START Data below

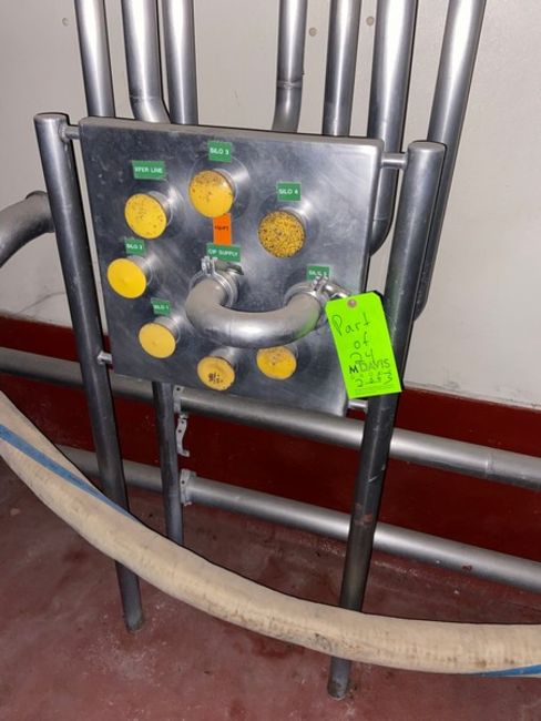 (4) S/S Flow Diversion Clamp Type Panels, 1-(6) Port; 1-(9) Port; 1- (5) Port; 1- (6) Port; Mounted on S/S Legs (LOCATED IN MANTECA, CA)(RIGGING, LOADING, & SITE MANAGEMENT FEE: $50.00 USD)
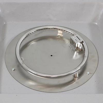 - stainless steel burner, ignition battery, lava rock & 9′ gas hose with regulator
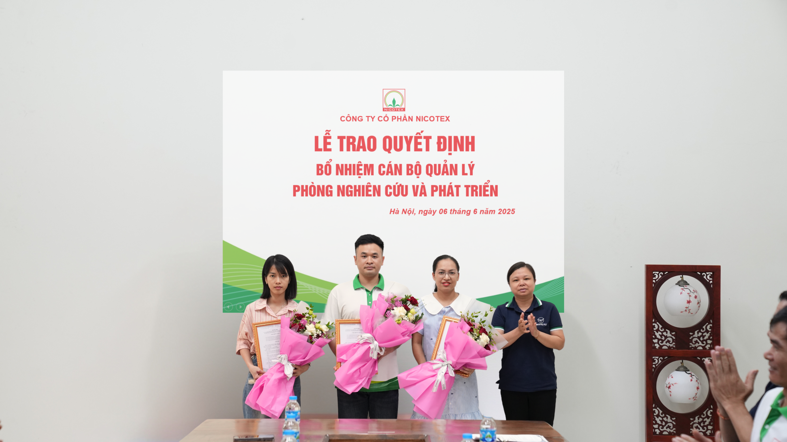 Ngày 06/6/2025, tại trụ sở Công ty CP Nicotex, buổi lễ công bố và trao Quyết định bổ nhiệm cán bộ quản lý Phòng Nghiên cứu & Phát triển (NC&PT) đã được tổ chức trang trọng. Sự kiện nằm trong chiến lược xây dựng và củng cố lực lượng nhân sự chủ chốt theo định hướng của Hội đồng Quản trị và Ban Tổng Giám đốc.
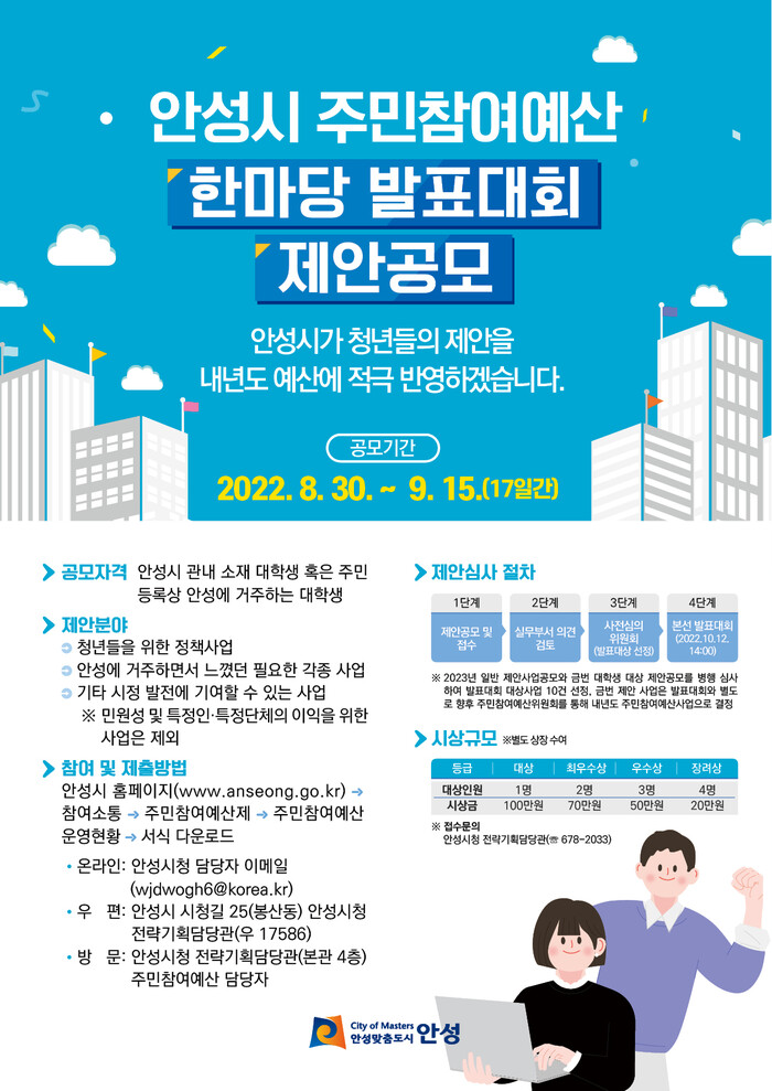 [로컬세계=김병민 기자]경기 안성시(시장 김보라)는 ‘2022년 안성시 주민참여예산 한마당 발표대회 제안공모’를 오는 9월 15일까지 실시한다고 2일 밝혔다.

END Data below

Your assignment
Transcribe only these lines, exactly: the first line of the listing, every line after it, and the line with "Ngày 06/6/2025, tại", where the copy ends. Include no picture.

Result
 (4) S/S Flow Diversion Clamp Type Panels, 1-(6) Port; 1-(9) Port; 1- (5) Port; 1- (6) Port; Mounted on S/S Legs (LOCATED IN MANTECA, CA)(RIGGING, LOADING, & SITE MANAGEMENT FEE: $50.00 USD)
 - stainless steel burner, ignition battery, lava rock & 9′ gas hose with regulator
 Ngày 06/6/2025, tại trụ sở Công ty CP Nicotex, buổi lễ công bố và trao Quyết định bổ nhiệm cán bộ quản lý Phòng Nghiên cứu & Phát triển (NC&PT) đã được tổ chức trang trọng. Sự kiện nằm trong chiến lược xây dựng và củng cố lực lượng nhân sự chủ chốt theo định hướng của Hội đồng Quản trị và Ban Tổng Giám đốc.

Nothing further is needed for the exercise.